In order to more effectively process the characteristics, the invention will

And the final characteristics are obtained through fusion, then the node weight of the last layer is trained through cross entropy to carry out false news classification, and the calculation formula is as follows:

in the formula, W is a parameter matrix, b is an error parameter, and l represents the number of categories.

Advantageous effects

The invention provides a false news identification method based on a heterogeneous graph convolutional network. Firstly, a new topology smoothing strategy is designed to measure the topology weight of each node, and the topology weight of each node is obtained by increasing the weight of the node close to the class center and reducing the weight of the node far from the class center.
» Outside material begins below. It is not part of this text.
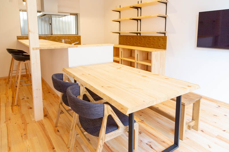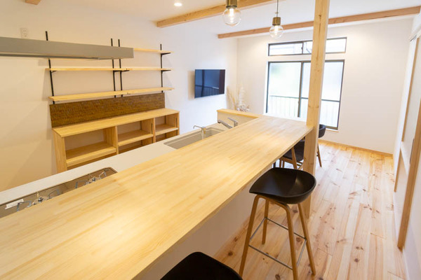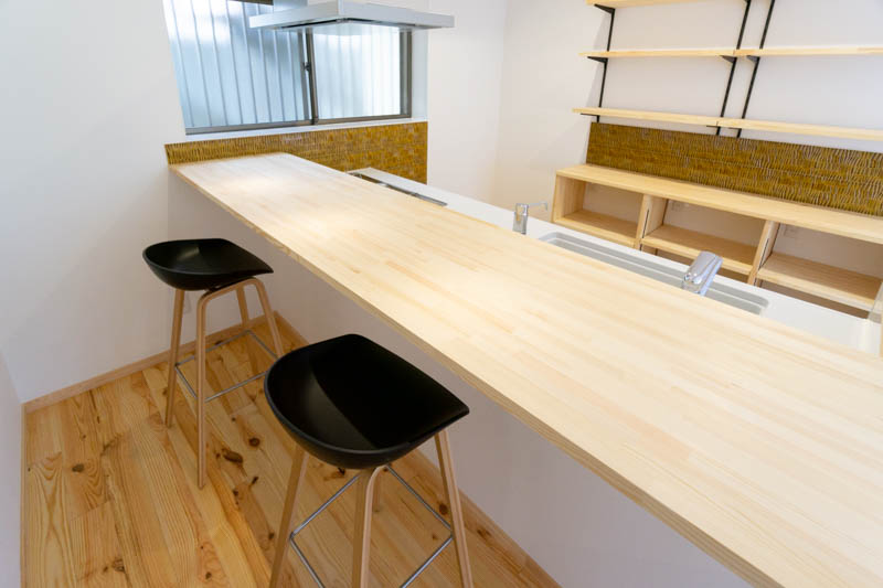 「キッチンの位置も変えて対面式でカウンター席も設置しました。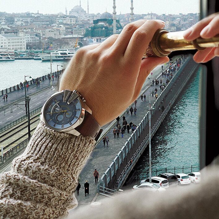 Diesel Mega Chief Chronograph Blue Dial Brown Leather Strap Watch For Men - DZ4281

Secondly, a layered attention mechanism is adopted to adaptively learn the weight of each edge in the news dissemination network, so that the importance degree of each edge is measured, and the negative influence caused by unreal edges is relieved.

Compared with the prior art, the invention has the following beneficial effects:

1. the invention designs a topology smoothing strategy to measure the topology weight of the marked node so as to relieve the problem of topology unbalance.

2. On the basis, the invention provides a layered attention mechanism to learn the characteristics of the HNG, and the authenticity of the relationship is identified by properly measuring the weight of each relationship, so that the influence of the non-authenticity relationship on the HNG is effectively reduced.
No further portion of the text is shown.